PBM Opponents are Worried about their Own Bottom Lines
It is time to add the Robinson-Patman Act (RPA) to the list of laws passed by the federal government that solved one problem only to create another – albeit almost a century later, in a very specific, yet vitally important sector.
Robinson-Patman, a law enacted in the Great Depression years of the 1930s, requires manufacturers to charge the same price for a product to all buyers regardless of the quantity bought and prohibits large manufacturers from discriminating against small businesses by charging them higher prices than their larger customers.
This law has now become a crucial part of the debate on how to lower prescription drug prices and has ensnared Pharmacy Benefit Managers (PBM) and the business model they utilize.
PBMs negotiate drug prices on behalf of insurers, unions, governments, and large companies that self-insure their workers. By accumulating a modicum of market power, they are able to negotiate with the big pharmaceutical companies to obtain discounts for their drugs. Since the pharmaceutical companies are effectively monopolists for many of the drugs they sell by dint of their patents, they can charge whatever the market will bear.

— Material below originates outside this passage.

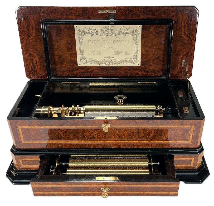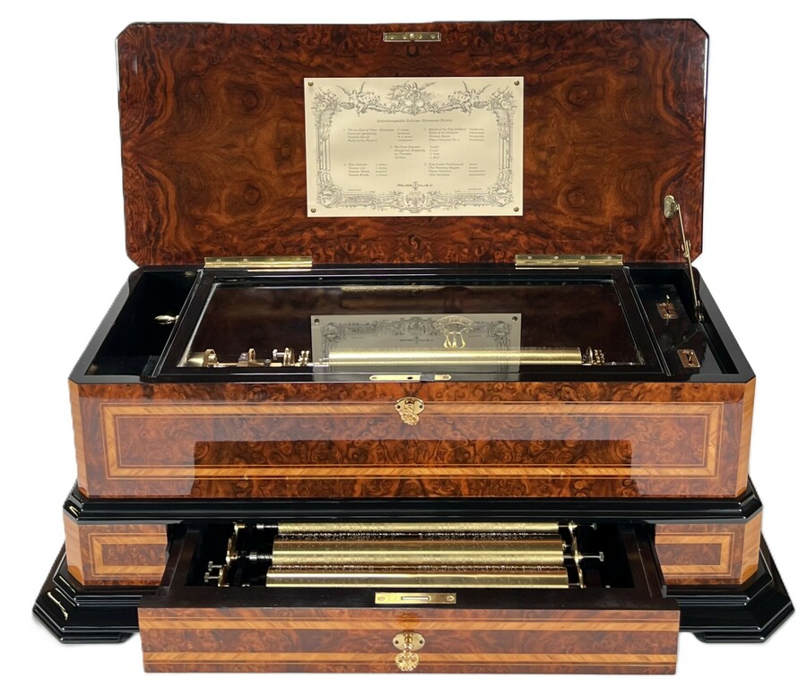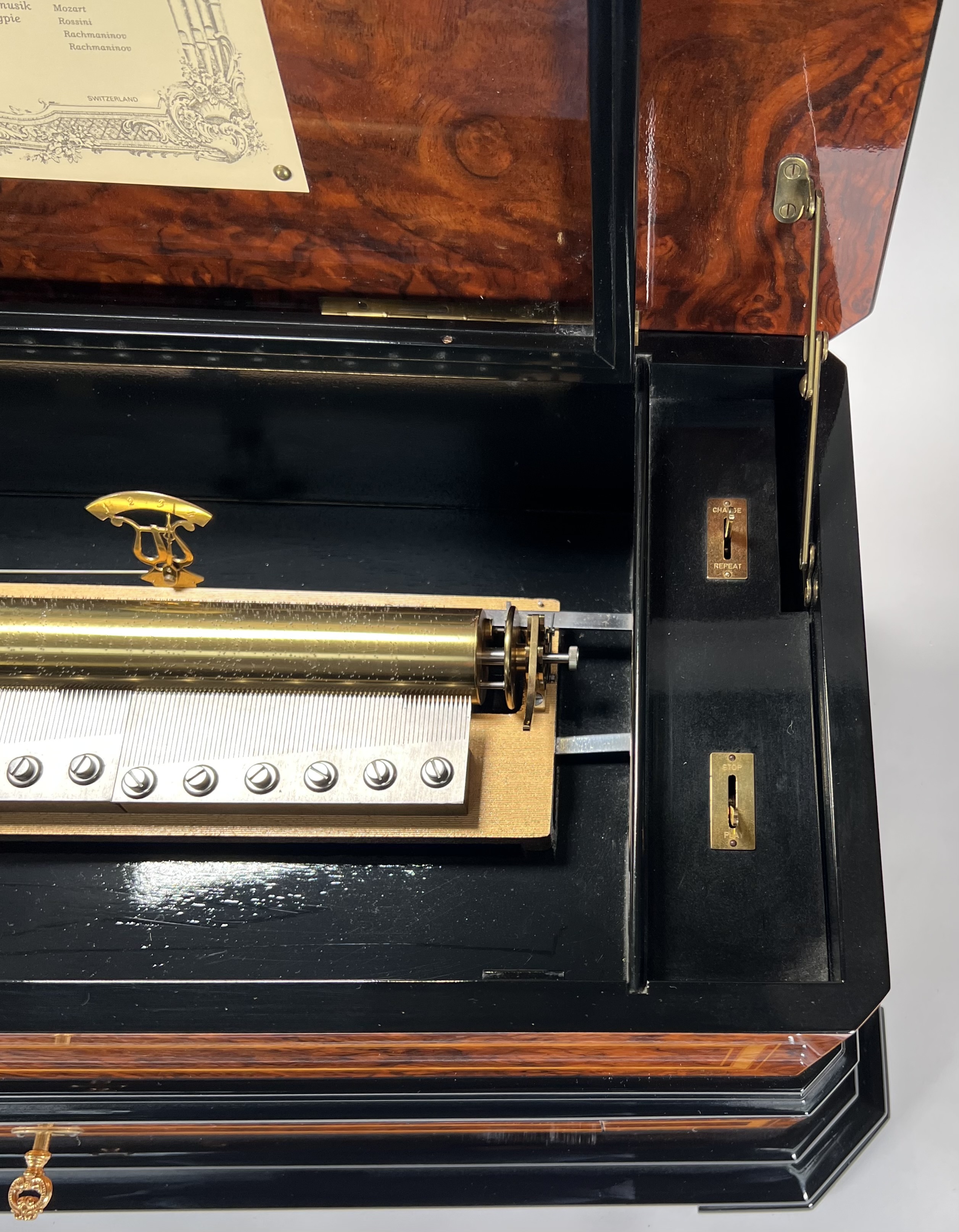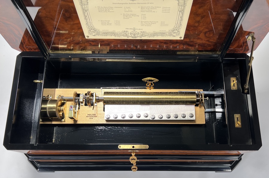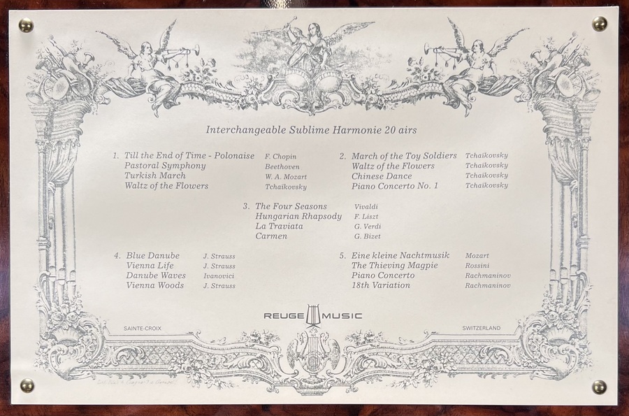 Muziekdoos, Reuge "Music Grand Cartel", Sainte-Croix Zwitserland – 144-noot "Sublime Harmonie"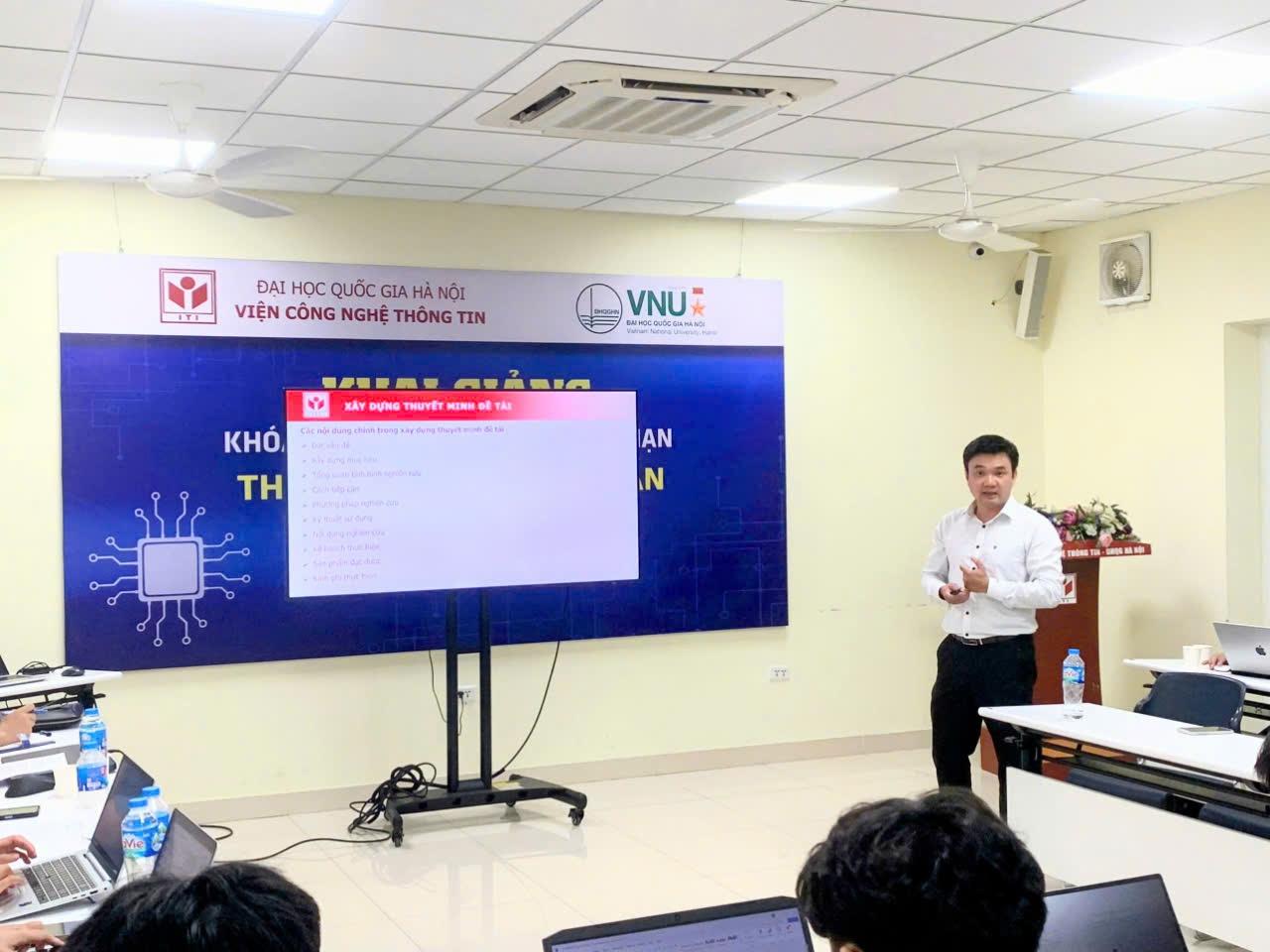 In his opening speech, Associate Professor Le Hoang Son, Deputy Director of the Information Technology Institute, shared: “Organizing the 2024 Research Exchange Program opens up many opportunities for us to promote research and development in the fields of information technology and semiconductor technology, while enhancing practical and research skills. The program includes specific exchanges from experts along with practical guidance aimed at building project proposals and training for international publications, fostering sustainable collaboration between the Information Technology Institute and universities.”

PBMs do not negotiate lower prices, as that would violate Robinson-Patman; instead, they negotiate a rebate from the drug manufacturer, which PBMs share with their clients, which allows them to reduce the cost of providing coverage for their members.
Those who oppose PBMs -- most notably the pharmaceutical industry -- claim that PBMs are unproductive middlemen and that they keep most of these rebates. Therefore, they conclude that eliminating them altogether would result in the PBM’s revenues going to healthcare plans in the form of lower drug costs.
But that assertion simply doesn’t hold water: A Pew Trust study found that PBMs returned 91% of pharmaceutical manufacturer rebates in 2016. A recent Bipartisan Policy Center study estimated that PBMs retained less than 5% of net revenues for 2018. The study also observed that the 5% retained by PBMs was lower than the percentage of retained revenues of other entities in the pharmaceutical drug supply chain such as pharmacists or wholesalers -- two other opponents of PBMs. Pharmacists object to PBMs because they often implement the direct delivery of drugs to the patients’ houses instead of having them pick them up at a pharmacy, which dramatically improves drug adherence and health outcomes but at the expense of their market share.
Lately, there has been a profusion of proposed legislation at the state and federal levels to either make these rebates illegal or require that the entire rebate be passed through to the employer. There is a simple solution to objections to rebates: Congress could exempt PBMs from the Robinson-Patman Act and allow them to directly negotiate price discounts. Doing such a thing would obviate the rebate conundrum and inject more transparency into the drug market, which would allow us to directly observe the value that PBMs bring to the market.
PBMs could receive a proportion of their savings as their compensation -- which is how it currently works with rebates. If they are unable to obtain significant discounts from the list price then their compensation will be miniscule, and the ostensible middleman “wedge” will be all but nonexistent.
PBMs continue to be on the hot seat in Washington as both the Biden Administration and members of Congress from both political parties look for ways to lower prescription drug costs. The simple reality is that neutering PBMs won’t accomplish anything; changing Robinson-Patman would serve to remove the bogeyman that Pharma and the independent pharmacists have created and force them -- and the government -- to accept the simple reality that they oppose PBMs because they hurt their own bottom line.
Hassan Tyler is an Analyst for Capital Policy Analytics. Hassan is a former staffer for Senator Joseph Lieberman on Capitol Hill. He has an M.A. from American University in International Economic Relations, and a B.S. in Economics from Winthrop University.